V.S. Naipaul
British-Trinidadian · 1932 to 2018
Born Vidiadhar Surajprasad Naipaul on August 17, 1932, in the sugar plantation town of Chaguanas, Trinidad, the second child and first son of a Brahmin family whose grandfathers had come from India as indentured labourers, he was raised in the bookish atmosphere of his father Seepersad, a Trinidad Guardian reporter whose own short stories shaped his son's calling. The family moved to Port of Spain when he was seven. He attended Queen's Royal College and at seventeen won a government scholarship that took him to University College, Oxford, in 1950, where he read English and met Patricia Hale, who became his first wife. He suffered something close to a nervous breakdown at Oxford and only slowly began to publish.

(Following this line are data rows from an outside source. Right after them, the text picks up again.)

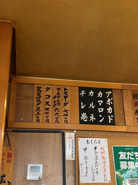 メニュー表を見ると、お寿司、お刺身、サラダ、揚げ物、丼もの、一品料理、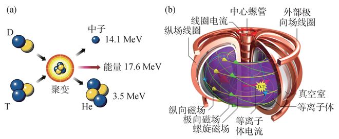 图1 (a)氘氚聚变反应过程示意;(b)托卡马克磁体部件及内部磁场[1]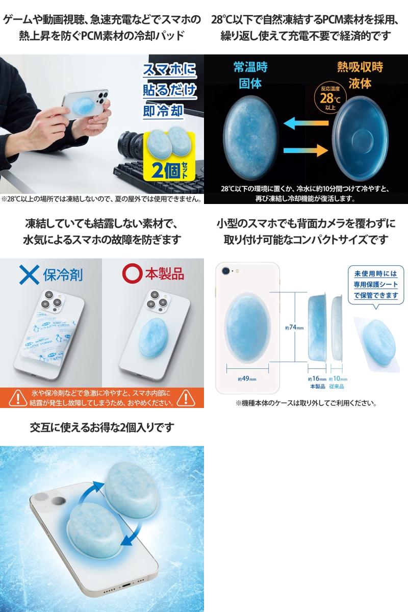 貼るだけで冷却!BIGサイズで効果時間1.5倍!スマートフォンの熱上昇を防ぎ、繰り返し使えるPCM素材の冷却パッド2個入りです。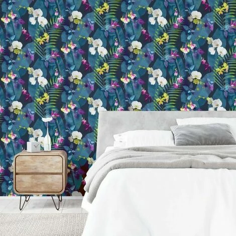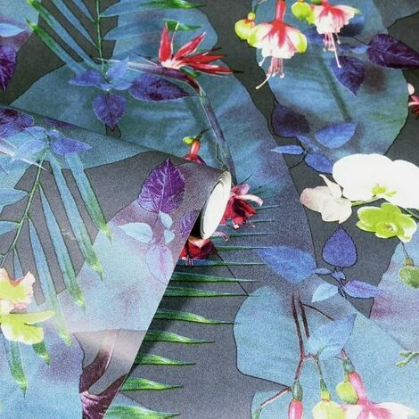 Design: Flowers, Foliage, Tropical. Design Repeat: 53cm. Easy Application, Easy To Remove, Offset Pattern Match. Finish: High Shine. Self Adhesive.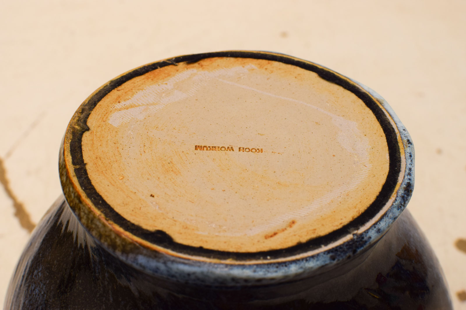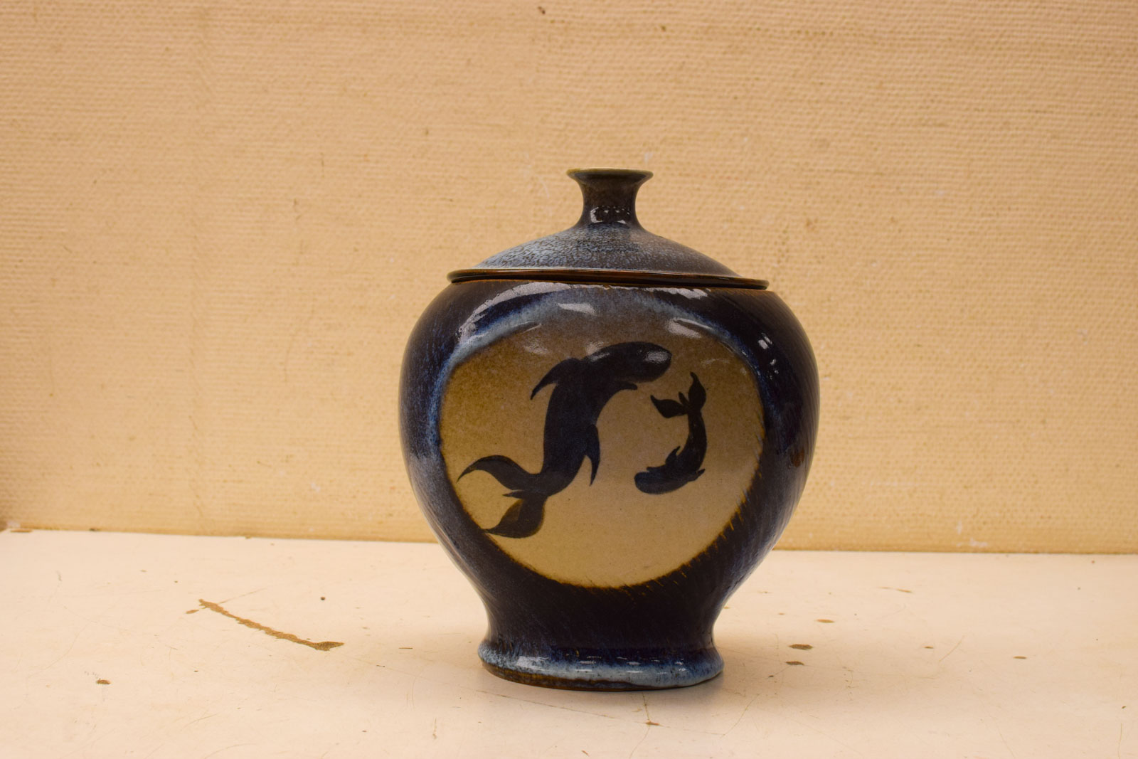 heeft aan de voorzijde een prent met 3 dolfijntjes Bovenkant opening breed 17,5 cm diepte 17 cm gemeten zonder deksel hoog 21 cm de pot ziet er nog netjes uit de andere kant een prent met een mama en kind vis

The Mystic Masseur (1957), Miguel Street (1959), and A House for Mr Biswas (1961), the great novel based on his father's life, established him. He travelled obsessively, producing non-fiction studies of the post-colonial world that often inflamed their subjects, among them The Middle Passage (1962) on the Caribbean, An Area of Darkness (1964) on India, and Among the Believers (1981) on the Islamic world. In a Free State won the Booker Prize in 1971. A Bend in the River (1979) and The Enigma of Arrival (1987), set in his cottage on Sir Stephen Tennant's Wiltshire estate, are widely thought his finest works. He was knighted in 1990 and given the Nobel Prize in Literature in 2001, the academy citing his "scrutiny of suppressed histories." His views on women, Islam, and Africa drew lasting controversy, and Paul Theroux's memoir Sir Vidia's Shadow chronicled their thirty-year friendship's collapse. He died on August 11, 2018, at his London home, six days before his eighty-sixth birthday.